Jim introduced the agenda with the following conceptual and experiential activities that were planned for this learning group meeting:

  • LEI’s Lean Transformation Framework (LTF) in LPPD with John Shook
  • The Leader’s Role as a Coach and the Chief Engineer with John Shook
  • Gemba visits to FMC’s Rapid Prototyping Area, Valve Subassembly, and Testing Area for Gemini
  • The Concept Paper and its role in LPPD with Jose Ferro
  • Concept Paper examples from FMC Rio and FMC Schilling
  • Obeya Concept for LPPD with Jim Morgan
  • Gemba visit to FMC Daily Product Huddle Obeya Area
  • Obeya learning discussions from Bose, Herman Miller, and GE Appliances
  • Obeya examples for New Product Issues Management and Strategic Planning
  • A3 Thinking and Management with Eric Ethington
  • Gemba visits to Multiple Product Development Obeya Areas at FMC Schilling
  • The Importance of Leadership Mindset & Basic Thinking with John Shook

Below are highlights from select portions of the learning session.

Learning Topic: LTF & Leader’s Role for People Development from John Shook

John Shook, LEI’s CEO, led the discussion of the LEI Lean Transformation Framework (LTF) in LPPD and the leader’s role as a coach. The Lean Transformation Framework was developed based on his 35 years of direct experience working in this area.


The leader’s role in the LTF is to develop people. And the best way to develop a person is while actually doing the work. John stated that the Toyota Chief Engineer system was leading without power, but by skills of true leadership.

Go & See: FMC Gemba Areas, Round 1

In the rapid prototype area (RPA), teams were able to see three levels of prototypes that FMC Schilling Robotics used for fast learning on Manipulator Arm design.


Learning Topic: Concept Paper Sharing by FMC Brazil & FMC Davis

Jose Ferro of LEI Brazil and Fernando Rodrigues of FMC Rio led this discussion of an important LPPD tool used by the Chief Engineer—the Concept Paper (CP).


Jim Morgan reminded the team that “lots of conflict goes in to making a great product,” and the CP can help to focus the challenges and discussions for development teams. Fernando Rodrigues shared his learning with writing a Concept Paper and using it as a “game-changer” for the new Connector Program at FMC Rio. John Drogosz (LEI LPPD Coach) facilitated a concept paper reflection.

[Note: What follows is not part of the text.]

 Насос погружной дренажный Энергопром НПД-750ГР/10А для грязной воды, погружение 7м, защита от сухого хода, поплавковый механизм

Learning Topic: Obeya Concept with Jim Morgan & Organizational Sharing

Jim stressed that obeya was about driving better collaboration and communication by bringing people together with use of this tool to support visual management. The entire learning group took a gemba visit to the Gemini testing obeya site to experience the daily performance-to-plan review in that area.

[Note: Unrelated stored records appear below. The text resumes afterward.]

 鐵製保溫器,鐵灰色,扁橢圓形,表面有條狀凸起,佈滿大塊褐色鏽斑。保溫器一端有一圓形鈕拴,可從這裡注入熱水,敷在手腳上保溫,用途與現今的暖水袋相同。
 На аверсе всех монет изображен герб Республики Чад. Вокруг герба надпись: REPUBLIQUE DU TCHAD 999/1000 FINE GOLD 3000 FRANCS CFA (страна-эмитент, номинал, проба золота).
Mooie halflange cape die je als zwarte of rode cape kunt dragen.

Learning Topic: A3 Thinking and Management

On day two, the group started with a business case and exercise related to A3 Thinking and Management from Eric Ethington, LEI LPPD Program Manager. Each participant had been asked to bring his or her own A3 to the session. In pairs, the participants practiced both sharing and coaching A3’s. This reinforced key learnings of the A3 as a process to develop people, on the job, while effectively engaging others to solve problems.


Go & See: FMC Gemba Areas, Round 3

The participants had a great opportunity for three more obeya visits for Gemini product development in these FMC areas: Gemini Obeya, “Spinal Cord” Hardware/Software test bed, and the Software Simulator. 

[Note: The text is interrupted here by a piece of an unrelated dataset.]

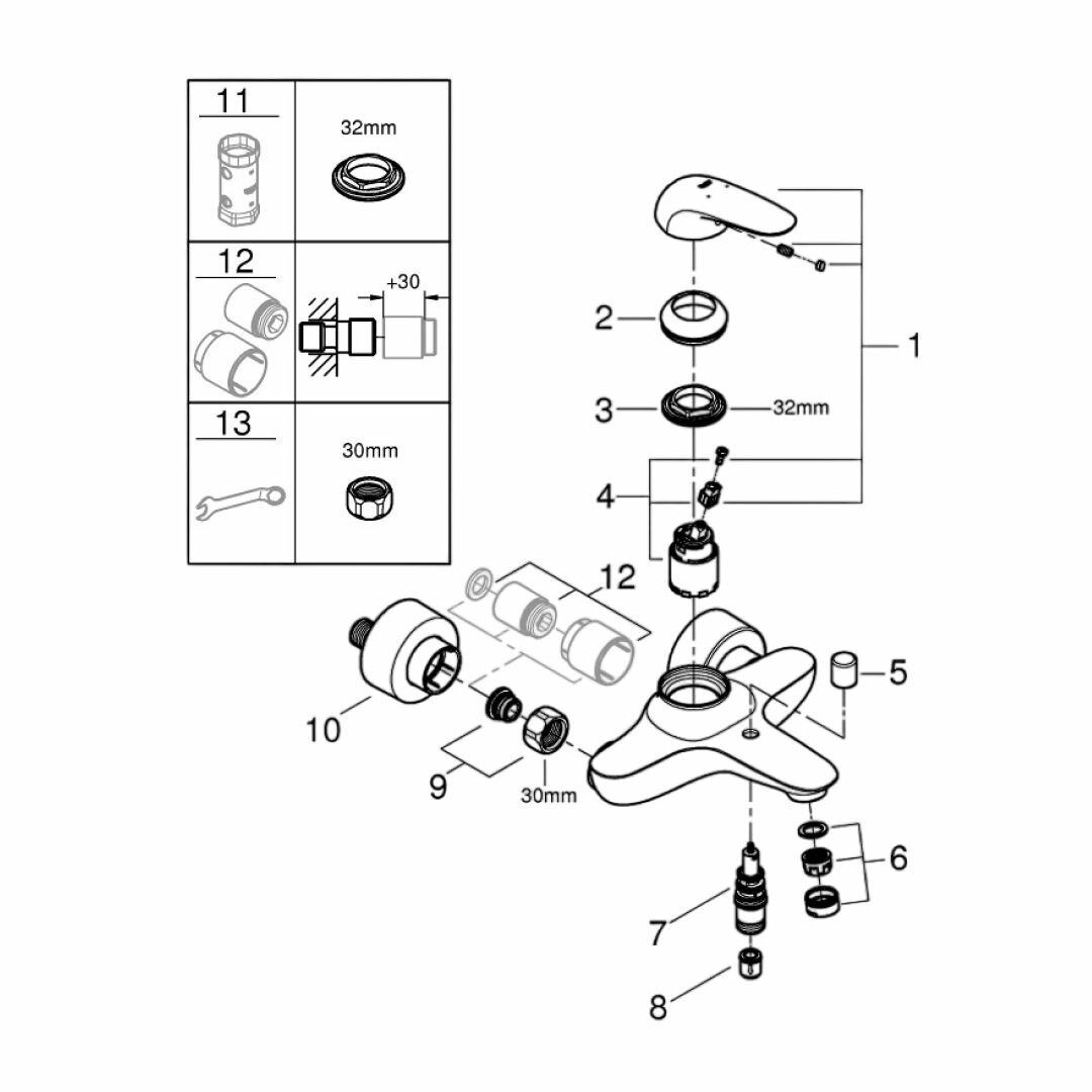 Смеситель для ванны GROHE Eurostyle, хром (23726003)

Learning Topic: Leadership Thinking & Mindset with John Shook

John focused on basic thinking of leaders. The power of the Toyota Production System is that it forces people to see problems quickly and solve them immediately. This basic, underlying thinking that is clearly understood and is critical for consistent values and actions throughout an organization.

In closing, Jim Morgan encouraged the group to continue to reach out to each other individually across companies to share more specific learning.

The views expressed in this post do not necessarily represent the views or policies of The Lean Enterprise Institute.